What you give back from the listing below should be an exact copy of the lines from the one with "Le Marcheur Artiste" down to the one with "为了激发公司员工们爱岗敬业、", and it should contain no pictures.

**EXTRACTED MATERIAL:**
*-*-*

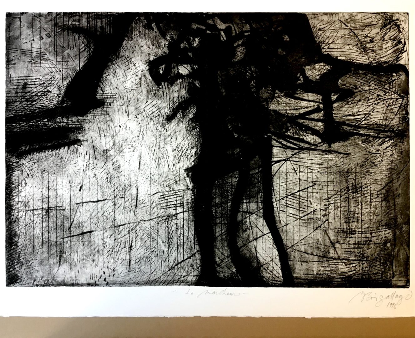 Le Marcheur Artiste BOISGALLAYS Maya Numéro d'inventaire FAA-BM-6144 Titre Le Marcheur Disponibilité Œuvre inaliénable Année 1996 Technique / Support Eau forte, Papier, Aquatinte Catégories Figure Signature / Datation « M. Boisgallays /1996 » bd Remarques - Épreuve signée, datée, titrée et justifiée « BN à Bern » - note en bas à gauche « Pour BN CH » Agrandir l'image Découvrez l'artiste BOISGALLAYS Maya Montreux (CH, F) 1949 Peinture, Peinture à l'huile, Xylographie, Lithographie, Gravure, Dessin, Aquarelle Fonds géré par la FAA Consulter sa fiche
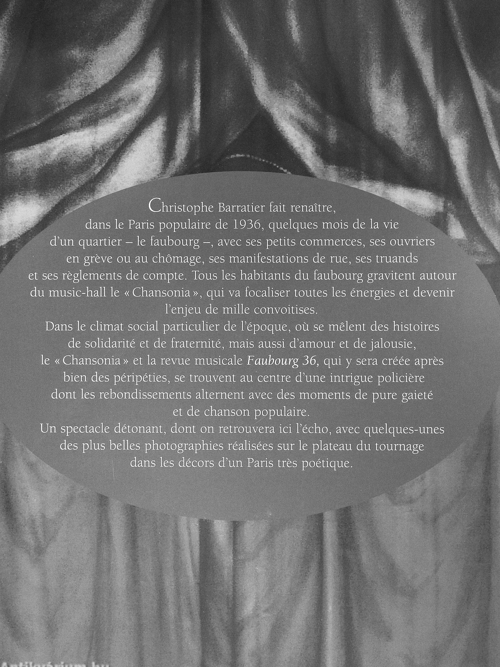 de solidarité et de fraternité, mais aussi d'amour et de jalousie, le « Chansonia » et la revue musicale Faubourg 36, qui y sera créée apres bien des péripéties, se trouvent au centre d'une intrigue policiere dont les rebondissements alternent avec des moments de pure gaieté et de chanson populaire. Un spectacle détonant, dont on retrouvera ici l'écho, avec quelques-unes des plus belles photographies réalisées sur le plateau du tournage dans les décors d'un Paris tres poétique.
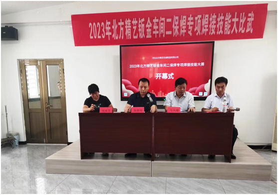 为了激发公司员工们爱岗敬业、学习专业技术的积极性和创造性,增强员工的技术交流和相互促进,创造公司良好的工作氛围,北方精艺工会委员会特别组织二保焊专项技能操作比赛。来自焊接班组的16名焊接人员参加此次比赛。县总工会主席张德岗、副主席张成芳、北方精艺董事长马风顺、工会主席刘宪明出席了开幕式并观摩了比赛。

*-*-*

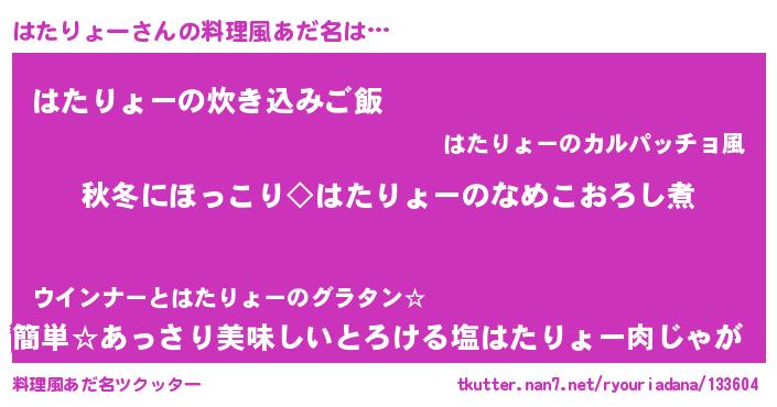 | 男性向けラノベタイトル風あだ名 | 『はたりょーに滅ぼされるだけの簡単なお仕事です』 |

*-*-*

**WRITTEN RESPONSE:**
 Le Marcheur Artiste BOISGALLAYS Maya Numéro d'inventaire FAA-BM-6144 Titre Le Marcheur Disponibilité Œuvre inaliénable Année 1996 Technique / Support Eau forte, Papier, Aquatinte Catégories Figure Signature / Datation « M. Boisgallays /1996 » bd Remarques - Épreuve signée, datée, titrée et justifiée « BN à Bern » - note en bas à gauche « Pour BN CH » Agrandir l'image Découvrez l'artiste BOISGALLAYS Maya Montreux (CH, F) 1949 Peinture, Peinture à l'huile, Xylographie, Lithographie, Gravure, Dessin, Aquarelle Fonds géré par la FAA Consulter sa fiche
 de solidarité et de fraternité, mais aussi d'amour et de jalousie, le « Chansonia » et la revue musicale Faubourg 36, qui y sera créée apres bien des péripéties, se trouvent au centre d'une intrigue policiere dont les rebondissements alternent avec des moments de pure gaieté et de chanson populaire. Un spectacle détonant, dont on retrouvera ici l'écho, avec quelques-unes des plus belles photographies réalisées sur le plateau du tournage dans les décors d'un Paris tres poétique.
 为了激发公司员工们爱岗敬业、学习专业技术的积极性和创造性,增强员工的技术交流和相互促进,创造公司良好的工作氛围,北方精艺工会委员会特别组织二保焊专项技能操作比赛。来自焊接班组的16名焊接人员参加此次比赛。县总工会主席张德岗、副主席张成芳、北方精艺董事长马风顺、工会主席刘宪明出席了开幕式并观摩了比赛。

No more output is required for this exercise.